Data Science: 4 Reasons Why Most Are Failing to Deliver
Data Science: Some see billions in returns, but most are failing to deliver. This article explores some of the reasons why this is the case.
By Nick Elprin, CEO and Co-Founder, Domino Data Lab
One of today’s organizational dilemmas: it’s pretty well understood that data science is a key driver of innovation, but few organizations know how to consistently turn data science output into business value. Sixty percent of companies plan to double the size of their data science teams in 2018. Ninety percent believe data science contributes to business innovation. However, less than nine percent can actually quantify the business impact of all their models, and only 11 percent can claim more than 50 predictive models working in production. This data stems from a recent survey of more than 250 data science leaders and practitioners.
What’s at the root of the disconnect? There is a divide between organizations that view data science as a technical practice and those that go further to embrace data science as an organizational capability woven throughout the business fabric. Companies that have mastered the technical and management practices necessary to embed algorithmic-driven decision-making at the core of the business are reaping the most returns. They can be considered “model-driven.” (Think of Amazon, Netflix, Stitch Fix and Tesla as examples.)
Of course, that’s easier said than done. Let’s zero in on four of the toughest challenges that are emerging in organizations struggling to derive value from their investments in data science (which, by the way, are the majority):
- Silos of knowledge. Hiring data scientists does not guarantee that your organization will profit from data science. For most firms, adding a data scientist to the team does not generate the same output as previous data scientists — you get diminishing returns to scale, instead of the exponential returns that high-functioning data science teams achieve. A recurring theme is that data scientists working on individual laptops or other siloed environments often duplicate efforts. They don’t have visibility into what work has been done by others that they could benefit from. One major insurance company, for instance, had dozens of scientists working in uncoordinated ways on the same business problems — leading to lost investment and missed opportunities. There’s a difference, in other words, between having a collection of individuals who create models, and having a dynamic team capable of leveraging its collective knowledge, skills and past work to collaboratively build better and better models with faster time to value.
- Friction in model deployment. Well-run data science teams operate within a continuous and iterative lifecycle — from research to production, and back - and measure the impact of models in production. Unfortunately, the research process is too often completely separate from model deployment process - and when (if) a model is deployed there is no link to business impact. If this rings true to you, then your organization likely cannot iterate on models that are deployed to improve them and worse yet, fails to measure business impact of their models. One major financial services firm said they “build their new headquarters in less time than it took to get a model into production.”

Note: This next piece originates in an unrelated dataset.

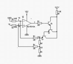 電壓-電流轉(zhuǎn)換模塊由精密運(yùn)放與三個(gè)晶體管組成的達(dá)林頓管電路構(gòu)成。轉(zhuǎn)換電路利用晶體管平坦的輸出特性和深度負(fù)反饋電路使輸出電流穩(wěn)定,如圖2所示,此V/I轉(zhuǎn)換電路的帶負(fù)載能力強(qiáng),電流輸出范圍達(dá)0~3A。輸出電流Io經(jīng)反饋電阻Rf得到一個(gè)反饋電壓Vf,Vf= V11-V12,通過R5、R6加到運(yùn)算放大器的兩輸入端,設(shè)運(yùn)放兩端的電為V1、V2,Vi由單片機(jī)DAC輸出。因?yàn)槔硐脒\(yùn)放的輸入電流約等于零,且 V1=V2,則:
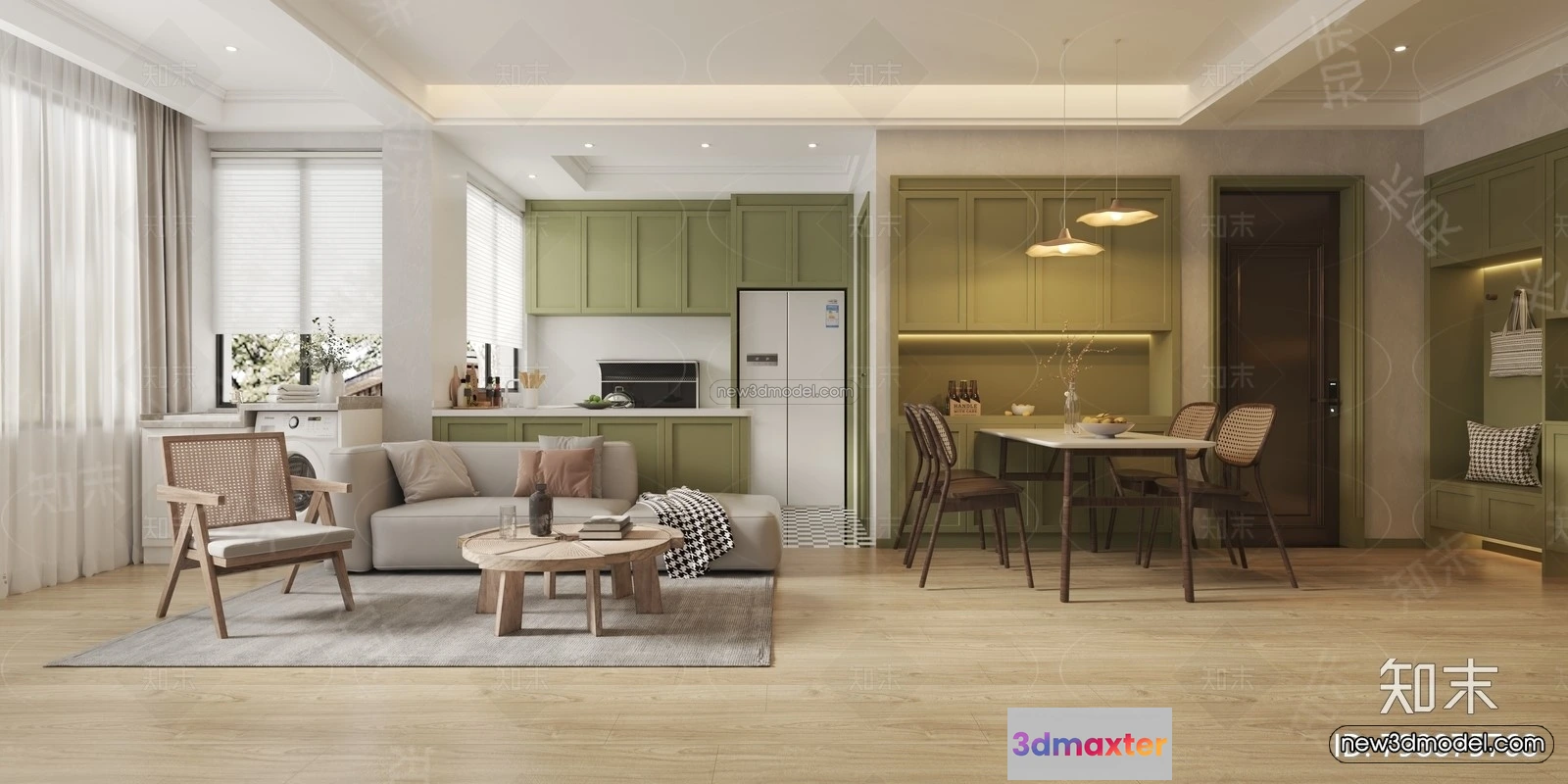 3D Models / 3D Scenes / Interior / Living Room / Morandi Style Interior 3D Blocks – Living Room 3D Scene – 030 3D Max

- Tool and technology mismatch. IT departments have spent the last decade-plus building a big data infrastructure to support data storage and processing – but that infrastructure doesn’t necessarily lend itself to data science. Data scientists can use as many as 3-5 different tools or packages monthly, leveraging the latest packages consistently. There were over 365,000 updates to the popular open-source programming language Python in 2017 alone! Furthermore, data science work demands access to elastic compute to perform specific experiments, like deep learning that requires powerful machines with GPUs. Lacking access to elastic compute and the latest tools limits your team’s agility, constrains the pace of research - and results in delayed development. Even worse, sometimes the result is shadow IT, as was the case with a large global bank where it took so long to approve new Python packages that data scientists ended up bringing their personal laptops to work and covertly using them.
- Model liability. Without proper management, a model in production may do more harm than good. If you are actively managing models in production, then you’ve likely realized this. A model that is not tightly monitored or actively controlled can cause serious harm to the business, either in the form of compliance failures, revenue losses, damage to brand or reputation. Knight Capital Group, for instance, lost $440 million in 45 minutes after a mistake in updating a model. This is an extreme scenario, but makes the case that organizations must continually validate and monitor their models for misuse and performance degradation.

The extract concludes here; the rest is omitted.